### WORK INSTRUCTION
Copy out the data exactly, leaving the pictures behind.

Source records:
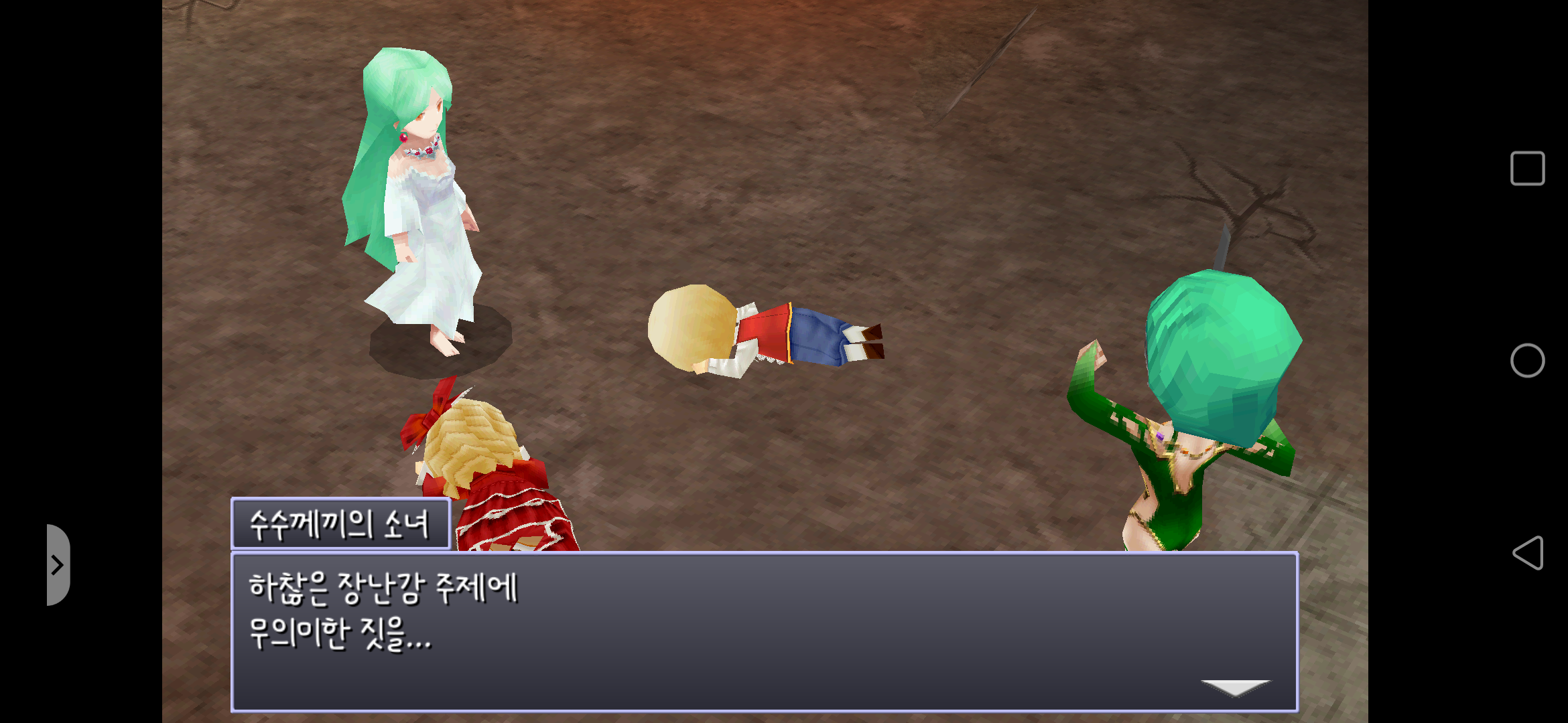 처음의 주인공~! 아직 많이 진행을 한 것은 아니지만 전편을 하면 좋아 보이지만 그렇지 않아도 괜찮아 보인다. 그래도 FF4 오리지날을 했다면 이 캐릭터 들의 누구의 자손? 인지 알게 되고 크리스탈에 대한 전반적인 내용을 알 수 있을 것이다. 하지만 스토리 막 심각하지도 않아 보여 이해를 하는데는 문제 없어 보인다.
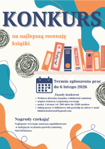 Lubisz czytać? Weź udział w konkursie na najlepszą recenzję książki ze szkolnej biblioteki organizowanym przez bibliotekę szkolną i redakcję gazetki szkolnej MaCOOLatoora.
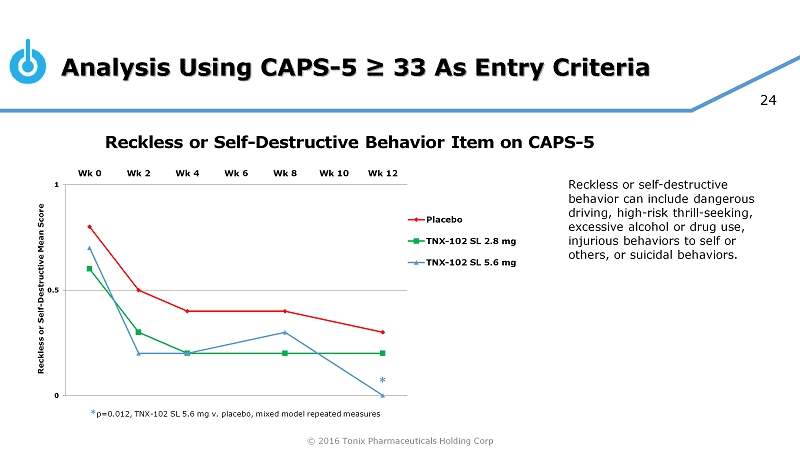 © 2016 Tonix Pharmaceuticals Holding Corp 23 Week 12 outcome measures for TNX - 102 SL 5.6 mg vs. placebo in combat PTSD subset for CAPS - 5 ≥ 29 and CAPS - 5 ≥ 33 at baseline PBO N=74, 5.6mg N=46; CAPS - 5 ≥ 29 PBO N= 64, 5.6mg N=35; CAPS - 5 ≥ 33 Outcome Measure ES 1 p - value 2 ES 1 p - value 2 CAPS - 5 Total score 0.42 *0.037 0.57 *0.013 Cluster B (intrusion) 0.26 0.183 0.50 *0.031 Cluster C (avoidance) 0.04 0.824 0.11 0.570 Cluster D (mood/cognition) 0.41 *0.035 0.42 0.061 Cluster E (arousal and reactivity) 0.40 *0.036 0.57 *0.012 E6 (Sleep item) 0.58 *0.003 0.58 *0.010 E2 (Reckless/Self Destruct) 0.15 0.178 0.30 *0.019 CGI – I (responders) 2.15 *0.049 2.12 0.082 SDS Total Score 0.41 *0.039 0.47 *0.032 Work/School item 0.40 *0.026 0.40 *0.015 Social/Leisure item 0.50 *0.013 0.51 *0.028 Family Life/Home Responsibilities item 0.19 0.328 0.22 0.274 1Cohen’s d for CAPS - 5 and Sheehan Disability Scale outcome measures; odds ratio from logistic regression for CGI - I. 2CAPS - 5 and Sheehan Disability Scale outcome measures: p - values from mixed - effects model repeated measures statistical test on t he mean change from baseline difference between TNX - 102 SL 5.6 mg and placebo; CGI - I: p - values from a repeated measure logistic regression (Responde r defined as a patient who was rated as “1” very much improved, or “2” much improved at week 12). *denotes statistical significance difference with p<0 .05, not adjusted for multiple comparisons; Abbreviations: 5.6 mg=TNX - 102 SL 5.6 mg; CAPS - 5=Clinician - Administered PTSD Scale for DSM - 5; ES=Effect Siz e; N=number of patients; PBO=Placebo; SDS=Sheehan Disability Scale.
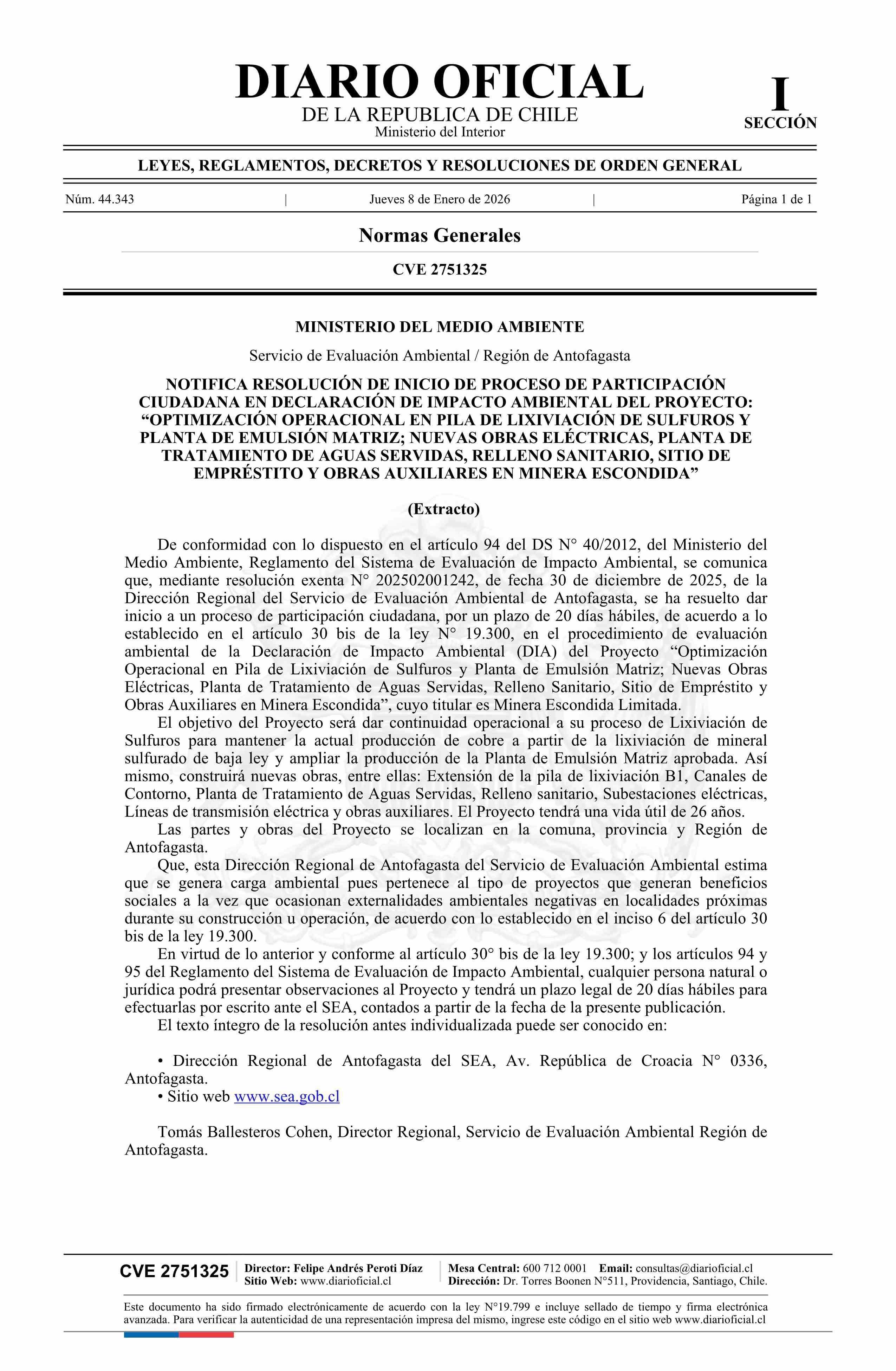 Extracto de resolución exenta número 202502001242, de 2025.- Inicia proceso de participación ciudadana en Declaración de Impacto Ambiental del Proyecto Optimización Operacional en Pila de Lixiviación de Sulfuros y Planta de Emulsión Matriz; Nuevas Obras Eléctricas, Planta de Tratamiento de Aguas Ser
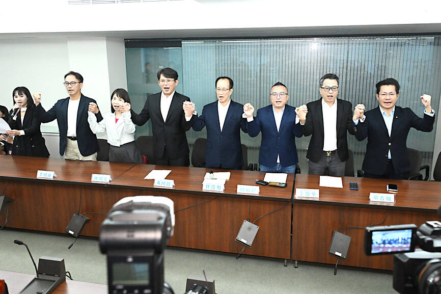 Committee members Lin Fu-nan (林富男), Huang Kuo-chang (黃國昌), Wu Chun-cheng (吳春城), Chen Gau-tzu (陳昭姿), Lee Kuo-chang (李國璋) and Hsu Jui-hung (許瑞宏), as well as committee chairman Lee Wei-hua (李偉華) and TPP Secretary-General Vincent Chou (周榆修) were in attendance.
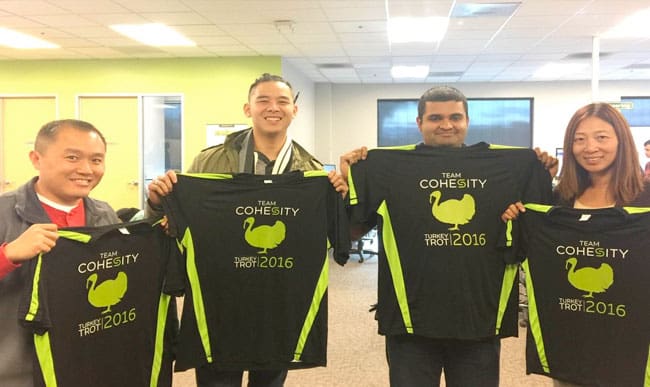 Cohesity recognizes that we are more than just a business; we are part of a community. As part of the #CohesityCares program and in the spirit of giving back this holiday season, Cohesity was proud to sponsor a company team who participated in the 2016 Silicon Valley Turkey Trot.

### SOLUTION
 처음의 주인공~! 아직 많이 진행을 한 것은 아니지만 전편을 하면 좋아 보이지만 그렇지 않아도 괜찮아 보인다. 그래도 FF4 오리지날을 했다면 이 캐릭터 들의 누구의 자손? 인지 알게 되고 크리스탈에 대한 전반적인 내용을 알 수 있을 것이다. 하지만 스토리 막 심각하지도 않아 보여 이해를 하는데는 문제 없어 보인다.
 Lubisz czytać? Weź udział w konkursie na najlepszą recenzję książki ze szkolnej biblioteki organizowanym przez bibliotekę szkolną i redakcję gazetki szkolnej MaCOOLatoora.
 © 2016 Tonix Pharmaceuticals Holding Corp 23 Week 12 outcome measures for TNX - 102 SL 5.6 mg vs. placebo in combat PTSD subset for CAPS - 5 ≥ 29 and CAPS - 5 ≥ 33 at baseline PBO N=74, 5.6mg N=46; CAPS - 5 ≥ 29 PBO N= 64, 5.6mg N=35; CAPS - 5 ≥ 33 Outcome Measure ES 1 p - value 2 ES 1 p - value 2 CAPS - 5 Total score 0.42 *0.037 0.57 *0.013 Cluster B (intrusion) 0.26 0.183 0.50 *0.031 Cluster C (avoidance) 0.04 0.824 0.11 0.570 Cluster D (mood/cognition) 0.41 *0.035 0.42 0.061 Cluster E (arousal and reactivity) 0.40 *0.036 0.57 *0.012 E6 (Sleep item) 0.58 *0.003 0.58 *0.010 E2 (Reckless/Self Destruct) 0.15 0.178 0.30 *0.019 CGI – I (responders) 2.15 *0.049 2.12 0.082 SDS Total Score 0.41 *0.039 0.47 *0.032 Work/School item 0.40 *0.026 0.40 *0.015 Social/Leisure item 0.50 *0.013 0.51 *0.028 Family Life/Home Responsibilities item 0.19 0.328 0.22 0.274 1Cohen’s d for CAPS - 5 and Sheehan Disability Scale outcome measures; odds ratio from logistic regression for CGI - I. 2CAPS - 5 and Sheehan Disability Scale outcome measures: p - values from mixed - effects model repeated measures statistical test on t he mean change from baseline difference between TNX - 102 SL 5.6 mg and placebo; CGI - I: p - values from a repeated measure logistic regression (Responde r defined as a patient who was rated as “1” very much improved, or “2” much improved at week 12). *denotes statistical significance difference with p<0 .05, not adjusted for multiple comparisons; Abbreviations: 5.6 mg=TNX - 102 SL 5.6 mg; CAPS - 5=Clinician - Administered PTSD Scale for DSM - 5; ES=Effect Siz e; N=number of patients; PBO=Placebo; SDS=Sheehan Disability Scale.
 Extracto de resolución exenta número 202502001242, de 2025.- Inicia proceso de participación ciudadana en Declaración de Impacto Ambiental del Proyecto Optimización Operacional en Pila de Lixiviación de Sulfuros y Planta de Emulsión Matriz; Nuevas Obras Eléctricas, Planta de Tratamiento de Aguas Ser
 Committee members Lin Fu-nan (林富男), Huang Kuo-chang (黃國昌), Wu Chun-cheng (吳春城), Chen Gau-tzu (陳昭姿), Lee Kuo-chang (李國璋) and Hsu Jui-hung (許瑞宏), as well as committee chairman Lee Wei-hua (李偉華) and TPP Secretary-General Vincent Chou (周榆修) were in attendance.
 Cohesity recognizes that we are more than just a business; we are part of a community. As part of the #CohesityCares program and in the spirit of giving back this holiday season, Cohesity was proud to sponsor a company team who participated in the 2016 Silicon Valley Turkey Trot.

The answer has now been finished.